Database to Database Sync Application

Summary

This application demonstrates continuous archival of big data from database tables. Application connects to the source database table over JDBC connection and continuously polls for new data. This database rows from source table are archieved in the destination database in scalable, fault-tolerent fashion.
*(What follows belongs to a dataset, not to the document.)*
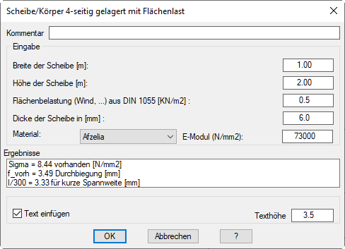 Im Eingabefeld Breite der Scheibe [m] geben Sie die Breite des Körpers in m ein. Im Eingabefeld Höhe der Scheibe [m] geben Sie die Höhe des Körpers in m ein. Im Eingabefeld Flächenbelastung (Wind) aus DIN 1055 [N/mm²] geben Sie die Flächenbelastung ein, die auf den Körper wirkt. In der vertikalen Einbauweise der Scheibe oder des Körpers (Windlast) können Sie folgende Werte zu Grunde legen: (Staudruck lt. Wendehorst):

Application also allows to do custom transformations on the rows before they are copied to the destination.

Required Properties

End user must specify the values for these properties.

Property Type Example Notes
Jdbc Input Database Url String jdbc:postgresql://node1 .corp1.com:5432/testdb Connection URL for the source database.
Jdbc Input Store Password String postgres Password for source database
Jdbc Input Store Username String postgres Username for source database
Jdbc Input Table Name String test_event_input_table Source table name
Jdbc Output Database Url String jdbc:postgresql://dest1 .corp1.com:5432/testdb Connection URL for the destination database.
Jdbc Output Store Password String postgres Password for destination database
Jdbc Output Store Username String postgres Username for destination database
Jdbc Output Table Name String test_event_output_table Destination table name

Advanced Properties (optional)

Property Default Type Example Notes
Batch Size For Jdbc Input 300 int 1000 No of rows to fetch in single query for input.
Columns Expressions ACCOUNT_NO, NAME, AMOUNT String column1_name, column2_name, column3_name Comma separated list of columns to select from the source table.
Jdbc Input Database Driver org.postgresql .Driver String org.postgresql .Driver FQCN for jdbc driver class for source database
Jdbc Output Database Driver org.postgresql .Driver String org.postgresql .Driver FQCN for jdbc driver class for destination database
Number Of Partition Required 4 int 2 Number of partitions for reading data from JDBC source database. There will one additional partition used for polling the databse.
Tuple Class Name For Jdbc Input com.datatorrent. apps.PojoEvent String com.datatorrent. apps.PojoEvent POJO class representing input database row
Tuple Class Name For Jdbc Output com.datatorrent. apps.PojoEvent String com.datatorrent. apps.PojoEvent POJO class representing input database row.
Tuple Class Name For Transform Input com.datatorrent. apps.PojoEvent String com.datatorrent. apps.PojoEvent POJO class representing input for transform operator (if included in the DAG. Not included by default).
Tuple Class Name For Transform Output com.datatorrent. apps.PojoEvent String com.datatorrent. apps.PojoEvent POJO class representing output for transform operator (if included in the DAG. Not included by default).
Unique Key For Range Queries ACCOUNT_NO String id Column to be used for partitioning.
Where Condition String Where condition used for filtering rows from source table. Empty string indicates select all rows.

Notes

  • Application is configured for pre-defined schema mentioned here. For using this application for custom schema objects; changes will be needed in Application.java. One can define field info mapping for the input fields in addInputFieldInfos(). Simillarly, field info mapping for the output fields can be defined in addOutputFieldInfos().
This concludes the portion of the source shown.